What is being asked: The required answer is the run of lines from the one holding "我国拨备制度的变迁,同步于贷" to the end of the data below, copied exactly and free of pictures.

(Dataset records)

● ● ● ● ● ● ●

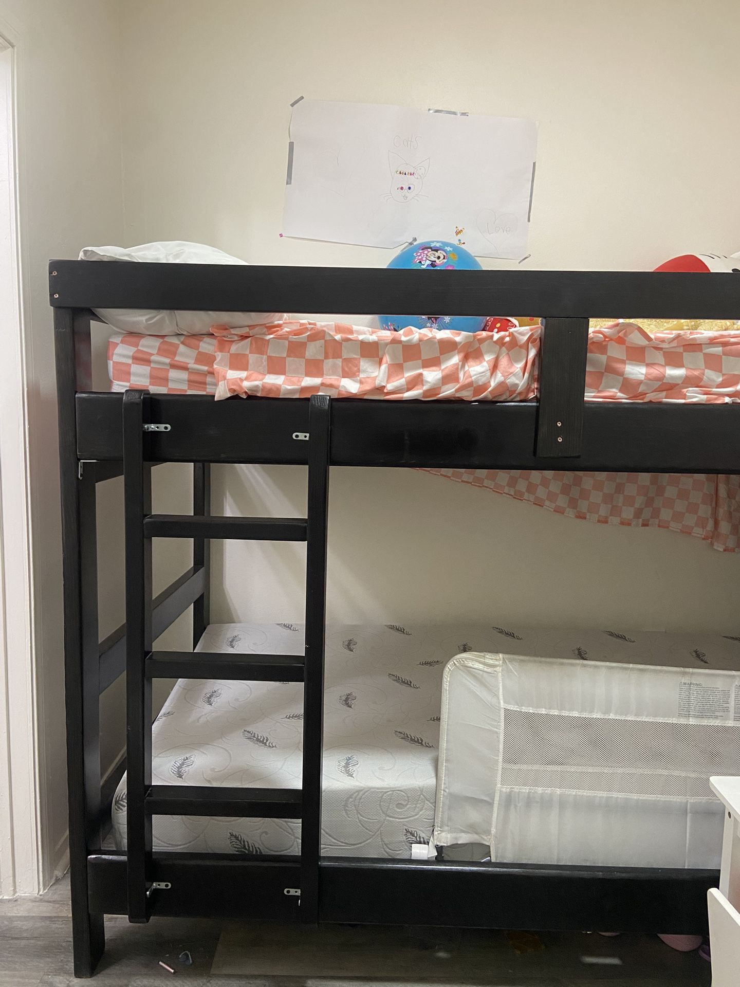 Comes with both mattress HARDLY used , Safety railing not included Must be able to come and pick up / disassemble
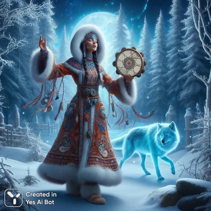 Затерянная в морозной глуши якутская колдунья, облаченная в меховую одежду и традиционные унты, проводит древний обряд. Ее голос, усиленный ритмичными ударами бурульдака (шаманского барабана), разносится над заснеженной поляной, окруженной деревьями, покрытыми серебристым инеем. В ответ на ее заклинания из глубин леса возникает величественный дух волка, чье сияние окрашивает снег в неземной голубой цвет. Ночное небо, усыпанное мириадами звезд, лишь подчеркивает таинственную атмосферу происходящего, словно сама вселенная внимательно следит за священным действом. Эта картина – воплощение древней якутской культуры, где границы между миром людей и духовной сферой стираются, а шаман выступает посредником, способным призвать силы природы и установить связь с потусторонним. В каждом движении колдуньи чувствуется ее сила и мудрость, передаваемые из поколения в поколение. Звуки бурульдака сливаются с шепотом ветра, создавая завораживающую мелодию, проникающую в самую душу, и заставляя поверить в реальность чудес. Это момент единения человека с природой и духами предков, наполненный древней магией и непоколебимой верой
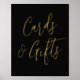 Symbole de mariage simple et élégant avec l'expression "Cartes et Cadeaux" affichée dans un script en feuille d'or avec un arrière - plan noir. Personnalisez les cartes et les cadeaux en papier noir et or avec du texte personnalisé tel que vos noms, date mariage, message de remerciement, etc. Le panneau peut également être utilisé pour d'autres événements tels que des douches nuptiales, des baby showers, des fêtes d'anniversaire, et plus encore!
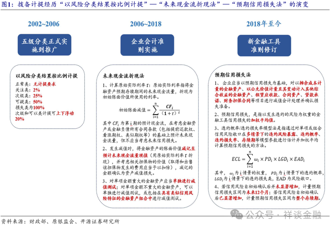 我国拨备制度的变迁,同步于贷款风险分类制度的变化。自2002年信贷风险分类由“一逾两呆”转变至“五级分类”后,监管口径拨备计提主要依据《贷款损失准备金计提指引》,即按照风险分类结果按比例计提(关注类2%,次级类25%,可疑类50%,损失类100%,其中次级和可以类计提可上下浮动20%)。同时2006年财政部发布了《企业会计准则》与国际会计制度接轨,明确采用未来现金流折现法计提减值准备。
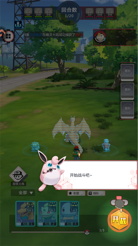 7、安排宝可梦上阵,并点击【开战】开始回合制战斗。
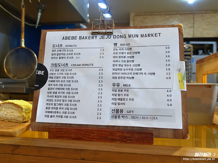 아베베 베이커리 메뉴와 가격입니다.
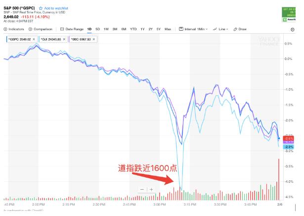 道指盘中一度跌近1600点,创下史上最大盘中点数跌幅。标普创2011年8月份以来最大单日跌幅,收跌4.1%。恐慌指数VIX一度大涨超100%。10年期美债收益率跌5个基点,脱离四年高位。
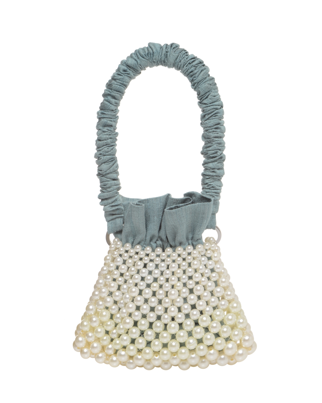 Handmade pearl embellished baguette with removable silk pouch and twisted handle.
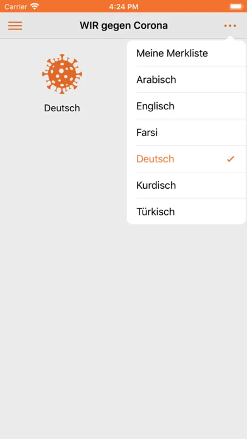 - Eine Sprachwechsel-Funktion für Arabisch, Englisch, Farsi, Kurdisch und Türkisch

● ● ● ● ● ● ●

Output of the task:
 我国拨备制度的变迁,同步于贷款风险分类制度的变化。自2002年信贷风险分类由“一逾两呆”转变至“五级分类”后,监管口径拨备计提主要依据《贷款损失准备金计提指引》,即按照风险分类结果按比例计提(关注类2%,次级类25%,可疑类50%,损失类100%,其中次级和可以类计提可上下浮动20%)。同时2006年财政部发布了《企业会计准则》与国际会计制度接轨,明确采用未来现金流折现法计提减值准备。
 7、安排宝可梦上阵,并点击【开战】开始回合制战斗。
 아베베 베이커리 메뉴와 가격입니다.
 道指盘中一度跌近1600点,创下史上最大盘中点数跌幅。标普创2011年8月份以来最大单日跌幅,收跌4.1%。恐慌指数VIX一度大涨超100%。10年期美债收益率跌5个基点,脱离四年高位。
 Handmade pearl embellished baguette with removable silk pouch and twisted handle.
 - Eine Sprachwechsel-Funktion für Arabisch, Englisch, Farsi, Kurdisch und Türkisch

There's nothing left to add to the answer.